# How do you drill compound angled holes?



## Spratley (May 31, 2012)

A beginner here-I would like to drill a 15/15 degree compound angle with a forstner bit (For a stool). No drill press. . . just an angled drill guide. How exactly can I go about this? Is there a drill guide for sale that allows adjustment on both axes? Or will I have to craft a 15 degree wedge or frame to set the guide on?


----------



## jgreiner (Oct 23, 2010)

If you already have the drill guide, you can wedges to fasten screw onto the bottom of the drill guide that gives 15 degrees on one axis, then you can use the drill guides angle to give you the 15 degrees on another. This will give you your compound angle.

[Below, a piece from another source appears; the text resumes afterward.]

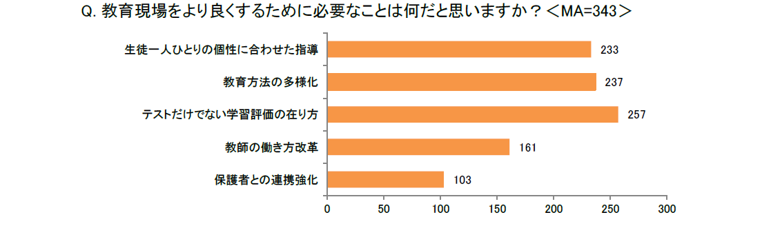 「教育現場をより良くするために必要なこと」を聞くと、「テストだけでない学習評価の在り方」が約7割(257)と最も多く挙げられ、次いで「教育方法の多様化」(237)や「生徒一人ひとりの個性に合わせた指導」(233)と続いた。生徒の多様な学び方を尊重し、一律の評価基準に捉われない柔軟な教育を求めている親が多いことが伺える調査結果となった。
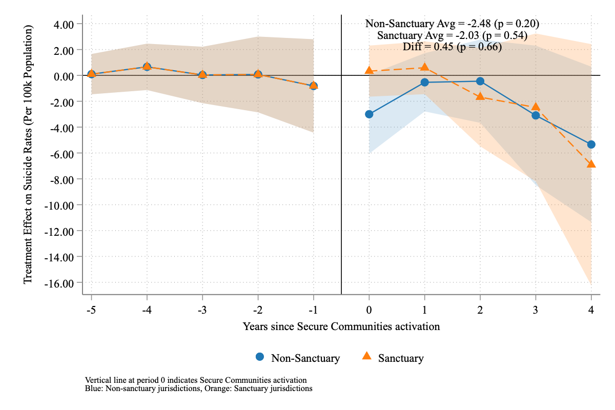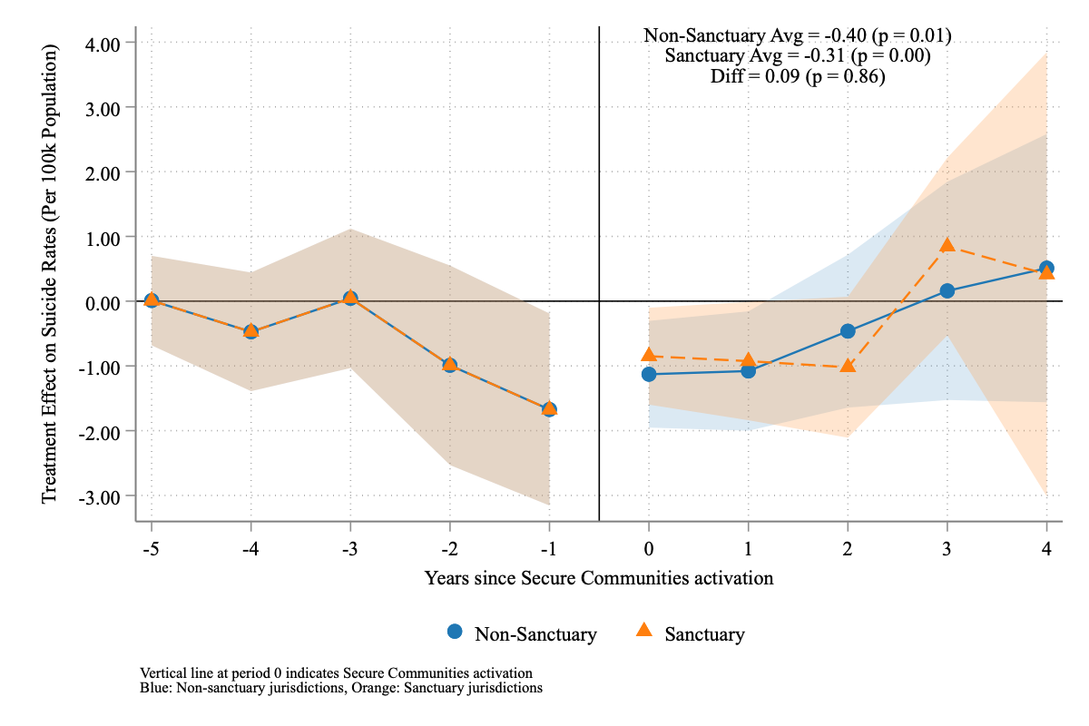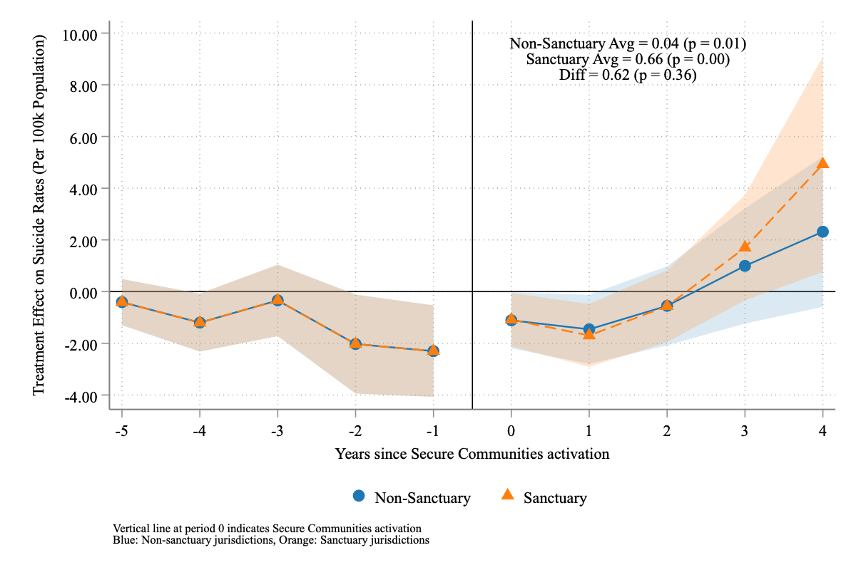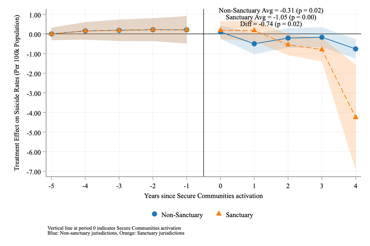 I estimate the causal impact of the US Secure Communities (SC) program—which greatly expanded deportation risk nationwide—on suicide rates among Hispanic populations. Exploiting SC’s staggered county-level rollout between 2008 and 2013, I use the triple difference-in-differences (DDD) estimator proposed by Borusyak, Jaravel, and Spiess (2024) to identify causal effects. The DDD comparisons between Hispanic and non-Hispanic Whites reveal striking heterogeneity across age groups: Hispanic children aged 5-14 experience decreases of 0.35-1 suicides per 100,000 (35-100% relative decreases), and adolescents aged 15-24 show reductions of 2.2 suicides per 100,000, while Hispanic adults aged 34+ suffer increases of 0.5-2.6 suicides per 100,000 in years 2-4 post-implementation. Local contexts significantly moderate these effects: counties with stronger economic conditions show more protective effects, while Democratic-leaning counties experience larger increases in adult suicide rates. Sanctuary counties provide enhanced protection for youth (reductions of 4.25 vs 0.76 suicides per 100,000 for children) but simultaneously show greater adverse effects for adults (increases of 4.93 vs 2.32 suicides per 100,000) compared to non-sanctuary counties. Because Hispanic ethnicity is often underreported in mortality data, these estimates likely understate the true effects. Overall, the evidence suggests that immigration enforcement produces complex mental health impacts fundamentally shaped by age, gender, and local economic and political environments.

If you don't already have your drill guide, and plan on purchasing one, I'd look for a used drill press instead.

-jeremy


----------



## bondogaposis (Dec 18, 2011)

Tilt your table saw blade 15° and then set you miter gauge at 15°. Trim a block of scrap wood. Set the block on it's angled end next to the hole location and drill it freehand using the edge of the block as a guide for your eyeballs.


----------



## a1Jim (Aug 9, 2008)

Take a look on You Tube I think I've seen a couple people doing close to what the guys are describing here.


----------



## Spratley (May 31, 2012)

Thanks for your tips, guys. I don't trust my hands for the freehand method yet. But I can do the geometry to cut some "footing" blocks for a drill guide.

Thanks again.


----------